What this task involves:
Please transcribe the listing below in full and word for word, without its pictures.

Dataset content:
● ● ● ●
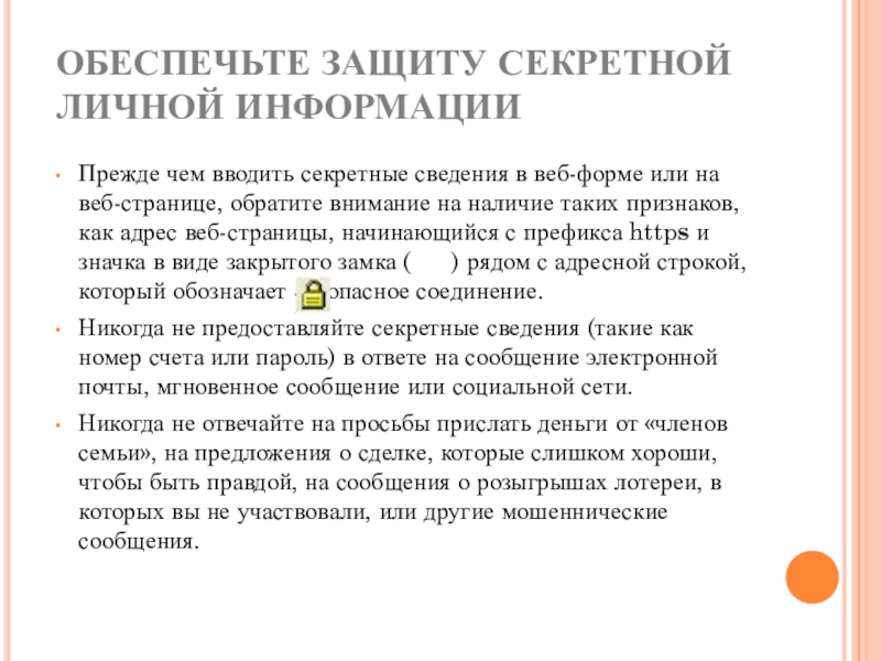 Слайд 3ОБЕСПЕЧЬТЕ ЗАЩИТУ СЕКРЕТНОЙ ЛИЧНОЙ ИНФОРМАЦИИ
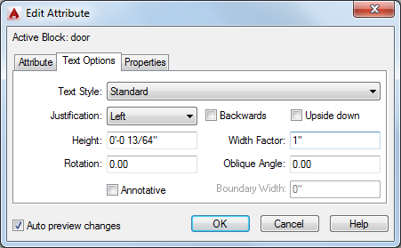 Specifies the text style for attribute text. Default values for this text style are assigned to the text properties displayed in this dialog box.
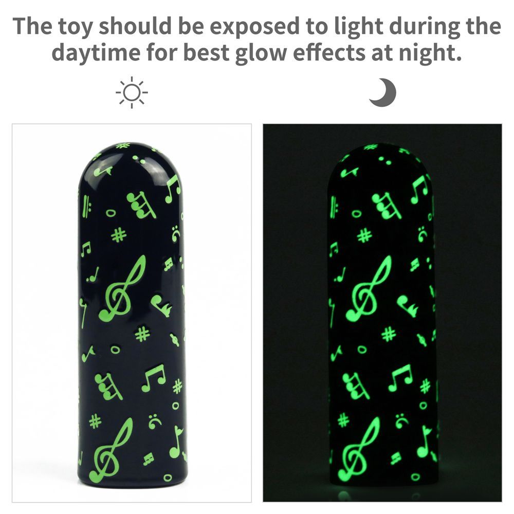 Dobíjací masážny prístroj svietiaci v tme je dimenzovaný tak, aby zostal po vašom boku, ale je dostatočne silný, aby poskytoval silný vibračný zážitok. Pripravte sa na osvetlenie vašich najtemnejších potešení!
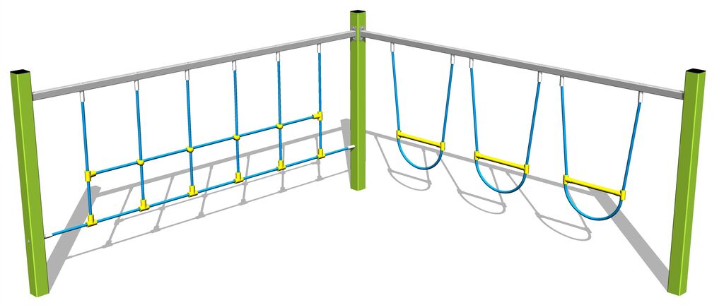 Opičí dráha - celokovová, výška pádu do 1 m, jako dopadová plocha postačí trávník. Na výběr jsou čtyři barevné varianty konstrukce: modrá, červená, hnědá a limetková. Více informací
● ● ● ●
Output of the exercise:
 Слайд 3ОБЕСПЕЧЬТЕ ЗАЩИТУ СЕКРЕТНОЙ ЛИЧНОЙ ИНФОРМАЦИИ
 Specifies the text style for attribute text. Default values for this text style are assigned to the text properties displayed in this dialog box.
 Dobíjací masážny prístroj svietiaci v tme je dimenzovaný tak, aby zostal po vašom boku, ale je dostatočne silný, aby poskytoval silný vibračný zážitok. Pripravte sa na osvetlenie vašich najtemnejších potešení!
 Opičí dráha - celokovová, výška pádu do 1 m, jako dopadová plocha postačí trávník. Na výběr jsou čtyři barevné varianty konstrukce: modrá, červená, hnědá a limetková. Více informací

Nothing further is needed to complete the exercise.